Situation not as simple as ‘Scrubs’

Published 12:00 am Friday, February 19, 2010

If our world operated like a television show, all life’s challenges would be resolved in 60-minute segments.

Like a good hospital drama, the patient would be wheeled into the emergency room from an ambulance before the show’s theme song begins. A diagnosis would be given in the first half of the show. The patient’s personal and family problems would be aired out and by the end of the rolling credits the show would reach some resolution.

It would make life much simpler to know things could be resolved as quickly, wouldn’t it?

Email newsletter signup

As much as we might like that immediate gratification, life just doesn’t happen that way.

It has been seven years since the steam has risen from the International Paper mill smokestacks.

Rumors of the plant’s demise circulated through the community for years before the final announcement of the mill’s closure.

But when it happened, the response was grim.

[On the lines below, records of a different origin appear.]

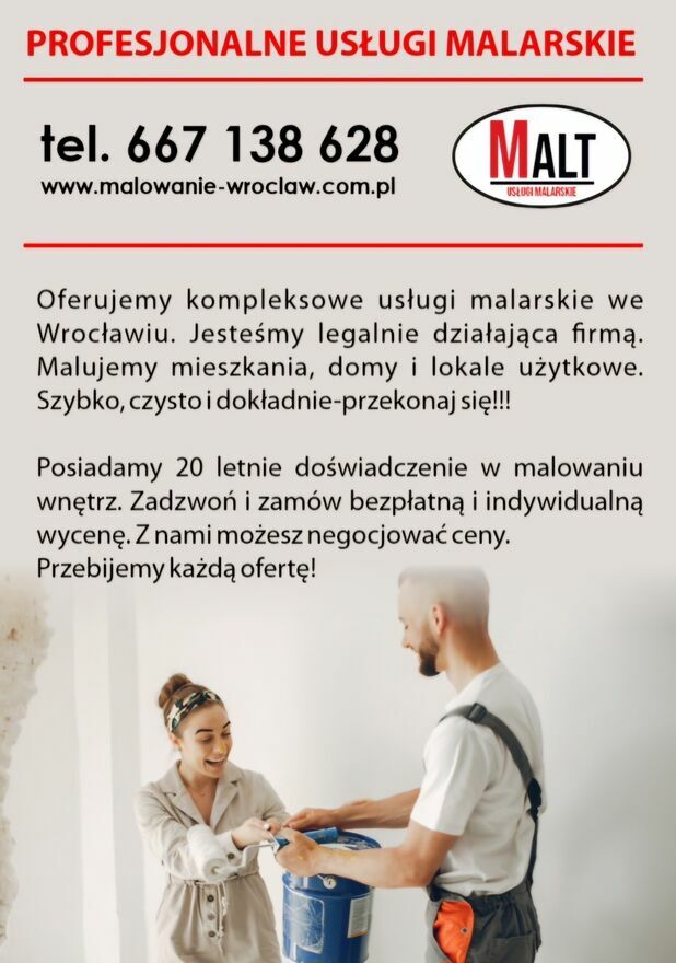 > Profesjonalne usługi malarskie we WrocławiuJesteśmy specjalistami w dziedzinie malowania mieszkań, domów i lokali komercyjnych na terenie Wrocławia i okolic. Wykonujemy każde zlecenie — od niewielkiego pokoju po dużą przestrzeń biurową — z dbałością o jakość, terminowość i estetykę. Nasze usługi obejmują malowanie ścian, sufitów, powierzchni wewnętrznych oraz komercyjnych, a portfolio realizacji dostępne jest w galerii. Korzystamy z nowoczesnych materiałów i sprawdzonych technik, by zapewnić trwały i efektowny rezultat. Zaufaj doświadczeniu i skontaktuj się z nami — wycena jest bezpłatna. Więcej informacji na : www.malowanie-wroclaw.com.pl
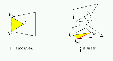 A principal vertex pi of a simple polygon P is called an ear if the diagonal (pi-1, pi+1) that bridges pi lies entirely in P. We say that two ears pi and pj are non-overlapping if the interior of triangle (pi-1, pi, pi+1) does not intersect the interior of triangle (pj-1, pj, pj+1) [4].
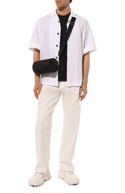 Черная футболка станет любимой частью базового гардероба: для ее пошива выбрали тонкое джерси из нежного прочного шелка. Чтобы приятная на ощупь модель лучше пропускала воздух, позволяя коже дышать, в состав трикотажа добавили отборный хлопок. Лаконичное изделие органично будет смотреться и джинсами, и с костюмными брюками.

Community leaders recognized the impact the closure of Adams County’s biggest industry would have on the area.

The community was in cardiac arrest. Many expected to see immediate effects — store closures, a rising crime rate and plummeting tax dollars.

While 600 workers’ futures were put in immediate jeopardy, the announcement of IP’s closure did not cause the community to suffer a fatal heart attack.

Thanks in part to Hurricane Katrina, sales tax numbers rose in the years after IP’s withdrawal, construction of hotels ensued and life in Natchez stayed relatively calm.

Health crisis averted. Or was it?

Maybe the closure of IP was less like cardiac arrest and more like a degenerative disease.

When I drive along our highways these days, I see signs of a community that is shrinking — not thriving.

The bright fluorescent yellow building that sits across from the Natchez Mall on John R. Junkin Drive sits empty. Built after the International Paper closure, it has struggled through two incarnations as a television and appliance store. The space occupied by the Video USA store on U.S. 61 North now sits empty.

Unlike many downtown businesses that depend on tourist dollars, these and other businesses like them survive off dollars from everyday Natchezians.

For every new job that is created, there are many supporting businesses — grocery stores, clothing stores, gas stations, for example — that are affected positively. Conversely, the loss of one job has a negative effect. In fact it could be argued that job losses have a greater effect than job gains.

After all, it’s harder to maintain a city on an increasingly shrinking population base.

That is why the decision that Adams County Supervisors will make soon about the future of Natchez Regional Medical Center hospital is so important.

Once again, the future of one of the county’s largest employers is in question.

This time the questions concern the motive of Health Management Associates in seeking to buy out Natchez Regional, their biggest competitor. Would they buy Natchez Regional just to close it down?

Of course, for HMA that would be a business decision. But for the county supervisors the question of whether to sell the hospital is a community decision.

Thankfully the supervisors have not closed the door on open communications with the hospital staff nor with HMA.

After all, supervisors need to make an informed deliberate decision.

It should not be decision made in 60 minutes or less.